● **PROBLEM STATEMENT**: Among the lines below, restate word for word only those from the line with "YNM Candy Pop" through the line with "厚底松糕板鞋女2025秋季新款小个子增高女鞋配阔腿裤的鞋子不累脚", with both end lines kept.

● **STORED DATA**:

***

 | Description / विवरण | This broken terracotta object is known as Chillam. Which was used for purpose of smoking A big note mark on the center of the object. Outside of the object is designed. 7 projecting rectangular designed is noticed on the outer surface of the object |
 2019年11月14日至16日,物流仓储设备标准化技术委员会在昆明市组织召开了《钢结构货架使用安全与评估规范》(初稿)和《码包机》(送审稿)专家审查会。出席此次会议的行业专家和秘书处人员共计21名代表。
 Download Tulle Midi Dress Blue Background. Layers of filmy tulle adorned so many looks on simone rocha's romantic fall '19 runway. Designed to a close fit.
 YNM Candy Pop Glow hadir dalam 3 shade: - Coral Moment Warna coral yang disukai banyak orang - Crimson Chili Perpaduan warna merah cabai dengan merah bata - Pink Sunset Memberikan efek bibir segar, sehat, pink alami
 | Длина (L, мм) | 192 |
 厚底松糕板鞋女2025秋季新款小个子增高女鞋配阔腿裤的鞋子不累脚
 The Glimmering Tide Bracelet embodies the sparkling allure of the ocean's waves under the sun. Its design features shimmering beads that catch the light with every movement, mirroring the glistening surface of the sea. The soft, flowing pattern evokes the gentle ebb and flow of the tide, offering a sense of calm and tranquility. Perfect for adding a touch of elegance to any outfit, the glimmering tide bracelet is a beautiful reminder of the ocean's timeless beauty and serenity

***

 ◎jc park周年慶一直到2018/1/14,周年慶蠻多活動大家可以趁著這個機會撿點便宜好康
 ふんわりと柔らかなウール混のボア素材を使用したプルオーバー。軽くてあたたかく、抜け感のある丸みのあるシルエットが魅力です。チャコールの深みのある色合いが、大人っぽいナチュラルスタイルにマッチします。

***

● **YOUR RESPONSE**:
 YNM Candy Pop Glow hadir dalam 3 shade: - Coral Moment Warna coral yang disukai banyak orang - Crimson Chili Perpaduan warna merah cabai dengan merah bata - Pink Sunset Memberikan efek bibir segar, sehat, pink alami
 | Длина (L, мм) | 192 |
 厚底松糕板鞋女2025秋季新款小个子增高女鞋配阔腿裤的鞋子不累脚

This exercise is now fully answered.